File organization is expected to follow this pattern:

pilot_data_root           
&emsp;cardiac_ecg    
&emsp;&emsp;manifest.tsv    
&emsp;&emsp;ecg_12lead    
&emsp;&emsp;&emsp;philips_tc30    
&emsp;&emsp;&emsp;&emsp;0001    
&emsp;&emsp;&emsp;&emsp;&emsp;0001_ecg_<uniq_tag>.dat    
&emsp;&emsp;&emsp;&emsp;&emsp;0001_ecg_<uniq_tag>.hea    
&emsp;&emsp;&emsp;&emsp;0002    
&emsp;&emsp;&emsp;&emsp;&emsp;0002_ecg_<uniq_tag>.dat    
&emsp;&emsp;&emsp;&emsp;&emsp;0002_ecg_<uniq_tag>.hea    
&emsp;&emsp;&emsp;&emsp;... etc.

In [None]:
import matplotlib.pyplot as plt
import pandas as pd
import wfdb  # install this from https://pypi.org/project/wfdb/

# from datetime import datetime

In [None]:
print(wfdb.__version__)  # expect 4.2.0

## custom path -- change to match your file structure

In [None]:
data_root = "/Volumes/data/datasets/AIREADI/YEAR2"  # change this to your own path

# Read the manifest

In [None]:
manifest_path = data_root + "/cardiac_ecg/manifest.tsv"
print(manifest_path)

In [None]:
df = pd.read_csv(manifest_path, sep="\t")
print(df.columns)

In [None]:
df["participant_id"].nunique()  # number of unique participants

In [None]:
df.head()

In [None]:
key_columns = [
    "participant_id",
    "wfdb_hea_filepath",
    "Rate",
    "QRS",
]  # optionally view only a few columns

df[key_columns].head(2)

# Select a set of data to explore

wfdb format splits the data into 2 files:    
 * basename.dat  # contains the waveforms in a binary format    
 * basename.hea  # contains header and annotation information in ASCII format    
    
Note that the path ecg_data includes the basename of the final files, but not the .hea (header) or .dat (data) file extension

In [None]:
pid = 1001  # select a participant ID

pid_hea = df[df["participant_id"] == pid]["wfdb_hea_filepath"][0]
pid_basename = pid_hea.split(".")[0]  # keep only the path with the basename
print(f"{pid} full path: {pid_hea}")
print(f"{pid} base name only: {pid_basename}")

In [None]:
ecg_path = data_root + pid_basename
print(ecg_path)

In [None]:
!ls {ecg_path + '.*'}

## plot everything using wfdb

This plot will give you an overview of all of the signals. 

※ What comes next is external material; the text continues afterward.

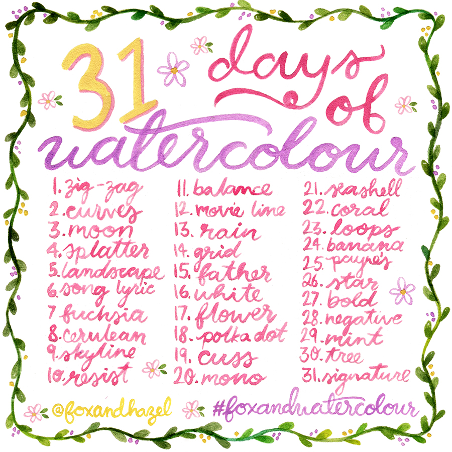 It’s a new month, which means a new watercolour challenge! There was so much response to last month’s challenge, that I knew there was no way I couldn’t do it again. You guys are the reason I’m loving this new & fun reason to paint every single day. If you are new to the challenge, you can see last month’s set of prompts here, and check out the hashtag #foxandwatercolour on Instagram to see what everyone created. So many amazing artists showed up and there were over 2500 photos shared throughout the month! I can’t wait to see what happens next.

Note that the there is always a reference pulse at the end of the signal that is 1mV x 0.2 seconds.

In [None]:
record = wfdb.rdrecord(ecg_path)
fig_handle_grids = wfdb.plot_wfdb(
    record, figsize=(10, 14), ecg_grids="all", return_fig=True
)
# fig_handle_grids.savefig(f'example_wfdb_fig_ecg_grids.png')   # keep in mind that you must safeguard any exported data

## plot and explore selected traces

You may want to do something else with the traces such as view a section more closely, or select only a few traces to view.

Here, we will plot only the first few channels. See the docs at https://wfdb-python.readthedocs.io/en/latest/index.html for more information.

In [None]:
type(record)  # expect wfdb.io.record.Record

In [None]:
signals, fields = wfdb.rdsamp(
    ecg_path, channels=[0, 6]
)  # select a subset of the channels

In [None]:
wfdb.plot_items(
    signal=signals, fs=fields["fs"], title="Learning to work with some signals"
)

In [None]:
print(signals.shape, type(signals), "\n")
display(signals)

## view header or annotation data

This data may be helpful in interpreting the signals. This is the same information that would be included on a *.pdf printed output.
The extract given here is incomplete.